Content starts

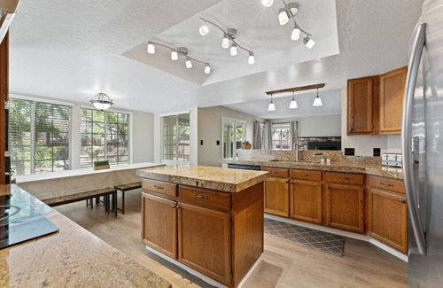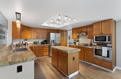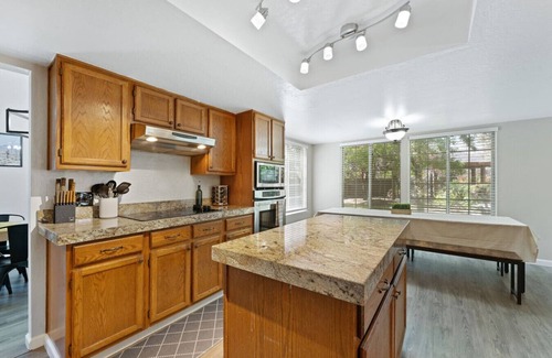 When it’s time to dine, choose between two spacious tables: a casual breakfast nook in the kitchen and a formal dining room perfect for celebratory meals. The chef’s kitchen—complete with a stove, granite countertops, and island bar—makes cooking for the group a breeze.
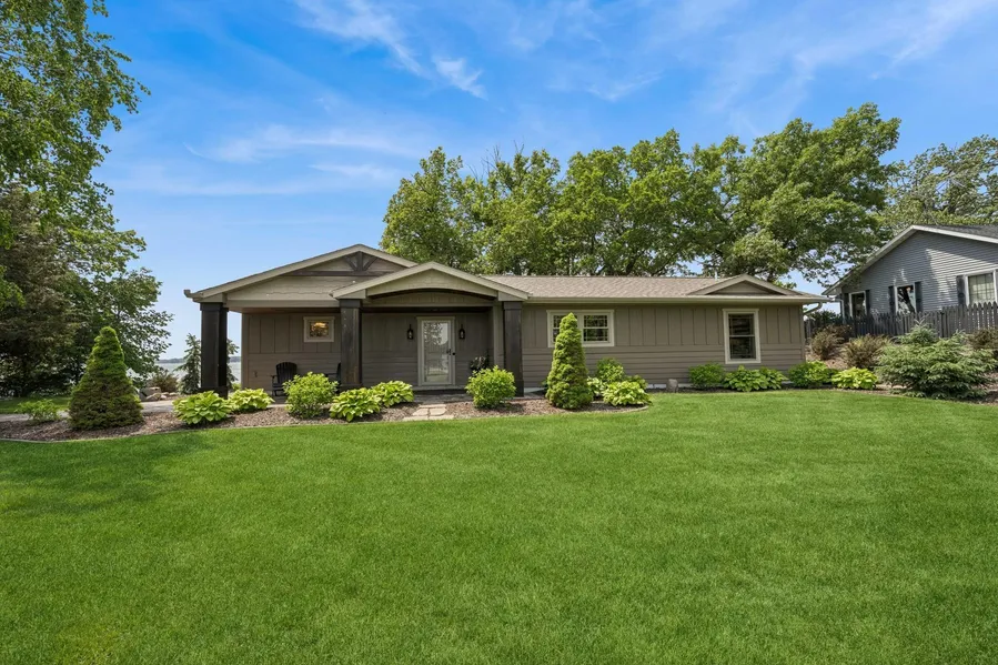 Just steps from the water, this remarkable west-facing home offers 150 feet of prime shoreline on Sunset Point -located on the highly sought-after peninsula of Sugar Lake. With panoramic views stretching from east to west, nearly every room provides a front-row seat to lake living. Built in 2020, this thoughtfully designed one-level home offers 3 bedrooms, 2 bathrooms, and beautiful lake from every room except one, seamlessly blending comfort, style and natural beauty. The open-concept layout includes a bright and spacious living area, a well-appointed kitchen with modern finishes, and a lakeside dining space perfect for everyday meals or entertaining. The primary suite features a private bath and walk-in closet, while the additional bedrooms are ideal for guests or a home office. Take in the stillness of early mornings or watch the sky come alive at sunset-all from the comfort of your patio near the water's edge. The lake remains a constant presence, becoming a peaceful part of your everyday life!
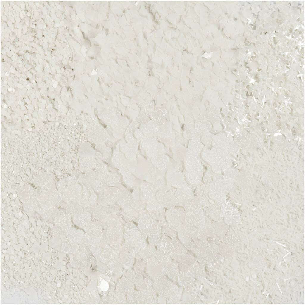 De glitters en pailletten zijn ideaal voor het versieren van kaarten, cadeauverpakkingen, knutselprojecten of feestdecoraties. De neutrale en feestelijke kleuren zilver en wit passen bij allerlei thema’s en stijlen, van winterse decoraties tot elegante accenten bij bruiloften. Voor het beste resultaat kun je een dun laagje lijm aanbrengen op het oppervlak en daarna de sparkles en sequins voorzichtig strooien of plaatsen voor een gelijkmatig effect.
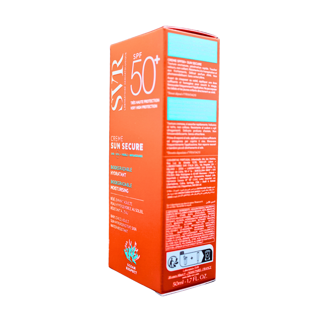 SUN SECURE Crème SPF50+ nos da una protección dermatológica muy alta que nos protege frente a todo tipo de rayos solares(2) , gracias a la nueva combinación de filtros patentada(1) que respeta al medio marino
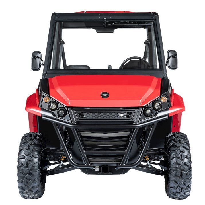 | With a built-in front windshield, standard wiper system, and rear window protection, it doesn't matter how wild the terrain. The Brahma is a wide-set beast that provides plenty of room for you to stretch out and stay comfortable, whether you are zipping across a job site, or navigating through untamed farmland. |
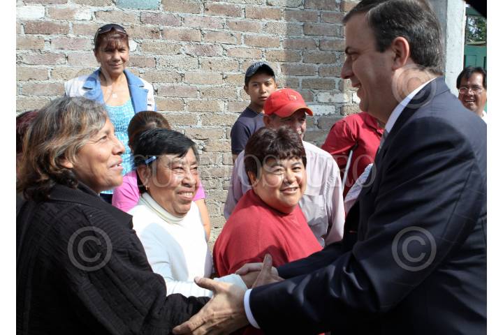 MÉXICO, D.F., 26MAYO2010.- Marcelo Ebrard, jefe de gobierno del Distrito Federal saluda a las vecinas a su llegada a la colonia Paraje Caballito en la delegación Alvaro Obregon en donde pondría en marcha el sistema que abastecerá de agua potable a las colonias Chamontoya, Tlacoyaque y Paraje Caballito en dicha demarcación pero no pudo ser inaugurado debido a la falta de energía eléctrica. FOTO: RODOLFO ANGULO/CUARTOSCURO.COM
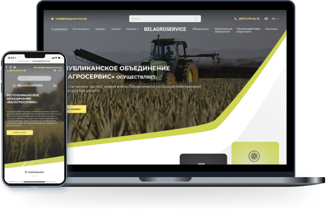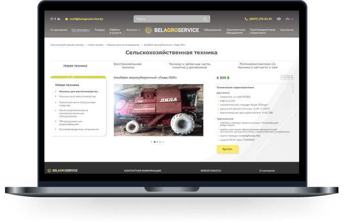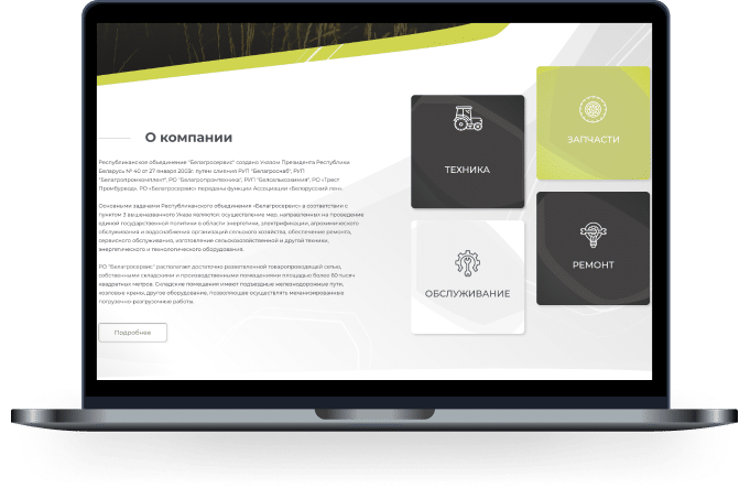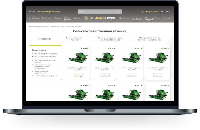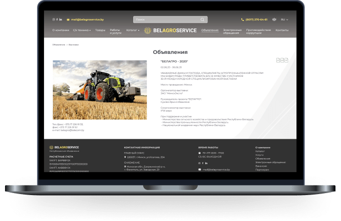 Сorporate website for the national agricultural corporation BelAgroService. The main direction is the sale of agricultural machinery and spare parts for it.
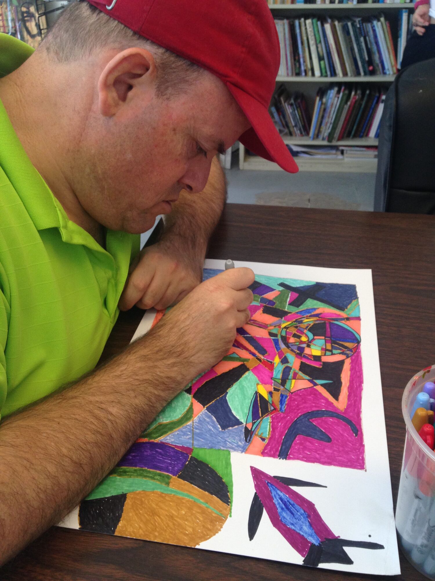 Alpha operates SlingShot Art Forum, an open art studio and gallery supporting about 40 working artists with intellectual disabilities.[/caption]
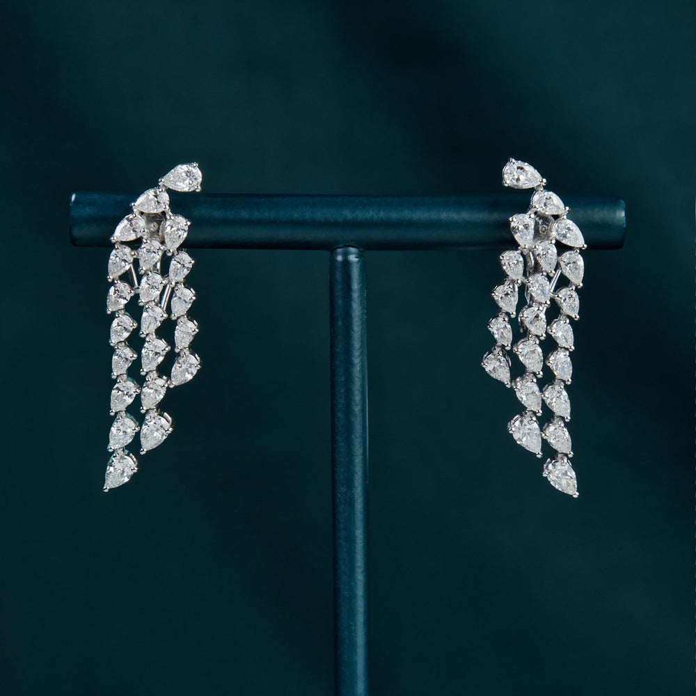 The layered drop silhouette elongates the profile while maintaining an airy, delicate feel, allowing each stone to shimmer independently with every turn. Romantic yet refined, these earrings balance softness with statement presence — perfect for elegant evenings, celebrations, and moments that call for luminous sophistication.
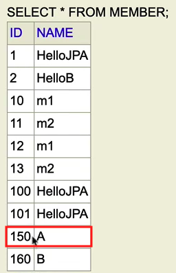 다음 코드를 수행하기전 ID 150 의 NAME은 "A" 이다.
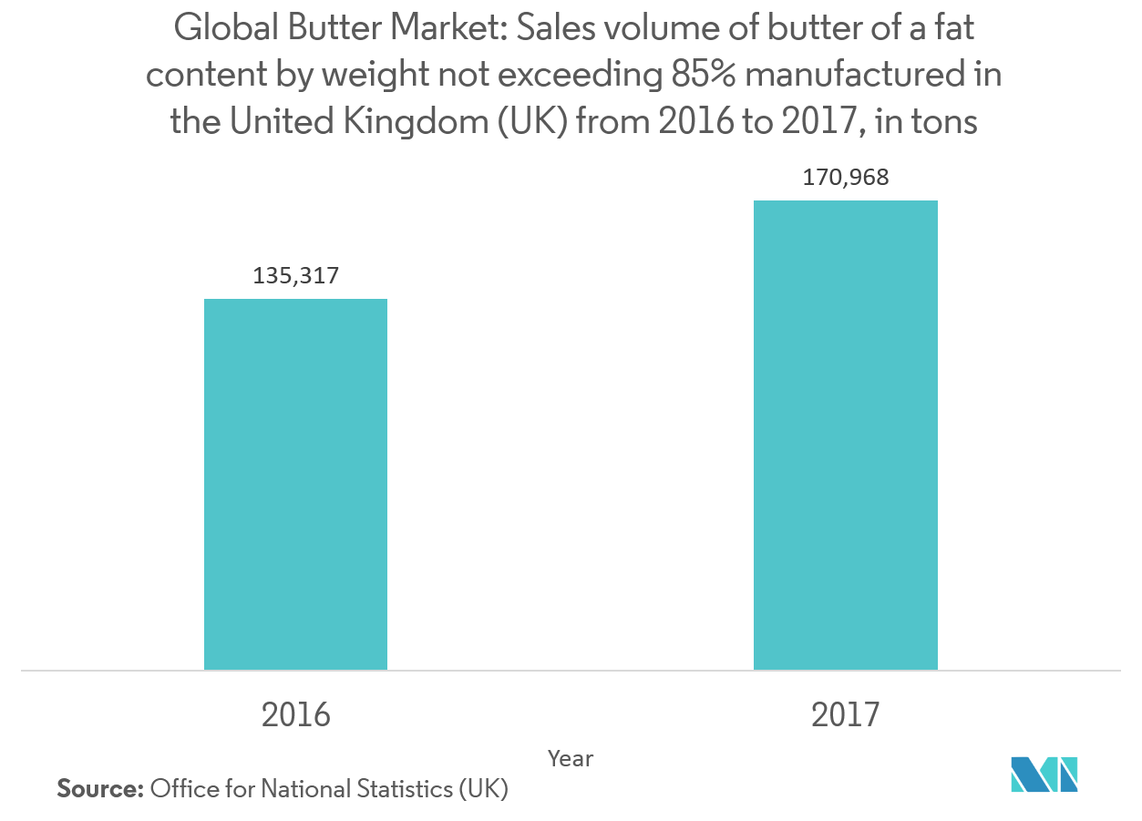 The increased adoption of home baking and cooking activities has driven global butter consumption. Consumer migration toward home-prepared meals has generated higher butter demand. This trend persists as consumers select home cooking due to health advantages and cost efficiency. According to the Agriculture and Horticulture Development Board, in 2024, 11% of survey respondents in the United Kingdom engaged in baking activities weekly, while 20% participated in baking monthly, demonstrating consistent consumer engagement in home baking [2]Agriculture and Horticulture Development Board, "Baking Trends in 2024", ahdb.org.uk. Additionally, social media platforms, specifically TikTok's "butter board" trend, have increased butter's market penetration and influenced consumer behavior toward butter-based food preparation. Manufacturers have implemented product innovations, including Land O'Lakes' butter balls, to address consumer demand for cooking efficiency. The sustained consumer engagement in home baking and cooking activities continues to drive butter market growth. This trend further strengthens the butter market.

Content ends

■ **EXERCISE DETAILS**: The records above are to be transcribed in full, with images omitted.

■ **COMPLETED EXERCISE**:
 When it’s time to dine, choose between two spacious tables: a casual breakfast nook in the kitchen and a formal dining room perfect for celebratory meals. The chef’s kitchen—complete with a stove, granite countertops, and island bar—makes cooking for the group a breeze.
 Just steps from the water, this remarkable west-facing home offers 150 feet of prime shoreline on Sunset Point -located on the highly sought-after peninsula of Sugar Lake. With panoramic views stretching from east to west, nearly every room provides a front-row seat to lake living. Built in 2020, this thoughtfully designed one-level home offers 3 bedrooms, 2 bathrooms, and beautiful lake from every room except one, seamlessly blending comfort, style and natural beauty. The open-concept layout includes a bright and spacious living area, a well-appointed kitchen with modern finishes, and a lakeside dining space perfect for everyday meals or entertaining. The primary suite features a private bath and walk-in closet, while the additional bedrooms are ideal for guests or a home office. Take in the stillness of early mornings or watch the sky come alive at sunset-all from the comfort of your patio near the water's edge. The lake remains a constant presence, becoming a peaceful part of your everyday life!
 De glitters en pailletten zijn ideaal voor het versieren van kaarten, cadeauverpakkingen, knutselprojecten of feestdecoraties. De neutrale en feestelijke kleuren zilver en wit passen bij allerlei thema’s en stijlen, van winterse decoraties tot elegante accenten bij bruiloften. Voor het beste resultaat kun je een dun laagje lijm aanbrengen op het oppervlak en daarna de sparkles en sequins voorzichtig strooien of plaatsen voor een gelijkmatig effect.
 SUN SECURE Crème SPF50+ nos da una protección dermatológica muy alta que nos protege frente a todo tipo de rayos solares(2) , gracias a la nueva combinación de filtros patentada(1) que respeta al medio marino
 | With a built-in front windshield, standard wiper system, and rear window protection, it doesn't matter how wild the terrain. The Brahma is a wide-set beast that provides plenty of room for you to stretch out and stay comfortable, whether you are zipping across a job site, or navigating through untamed farmland. |
 MÉXICO, D.F., 26MAYO2010.- Marcelo Ebrard, jefe de gobierno del Distrito Federal saluda a las vecinas a su llegada a la colonia Paraje Caballito en la delegación Alvaro Obregon en donde pondría en marcha el sistema que abastecerá de agua potable a las colonias Chamontoya, Tlacoyaque y Paraje Caballito en dicha demarcación pero no pudo ser inaugurado debido a la falta de energía eléctrica. FOTO: RODOLFO ANGULO/CUARTOSCURO.COM
 Сorporate website for the national agricultural corporation BelAgroService. The main direction is the sale of agricultural machinery and spare parts for it.
 Alpha operates SlingShot Art Forum, an open art studio and gallery supporting about 40 working artists with intellectual disabilities.[/caption]
 The layered drop silhouette elongates the profile while maintaining an airy, delicate feel, allowing each stone to shimmer independently with every turn. Romantic yet refined, these earrings balance softness with statement presence — perfect for elegant evenings, celebrations, and moments that call for luminous sophistication.
 다음 코드를 수행하기전 ID 150 의 NAME은 "A" 이다.
 The increased adoption of home baking and cooking activities has driven global butter consumption. Consumer migration toward home-prepared meals has generated higher butter demand. This trend persists as consumers select home cooking due to health advantages and cost efficiency. According to the Agriculture and Horticulture Development Board, in 2024, 11% of survey respondents in the United Kingdom engaged in baking activities weekly, while 20% participated in baking monthly, demonstrating consistent consumer engagement in home baking [2]Agriculture and Horticulture Development Board, "Baking Trends in 2024", ahdb.org.uk. Additionally, social media platforms, specifically TikTok's "butter board" trend, have increased butter's market penetration and influenced consumer behavior toward butter-based food preparation. Manufacturers have implemented product innovations, including Land O'Lakes' butter balls, to address consumer demand for cooking efficiency. The sustained consumer engagement in home baking and cooking activities continues to drive butter market growth. This trend further strengthens the butter market.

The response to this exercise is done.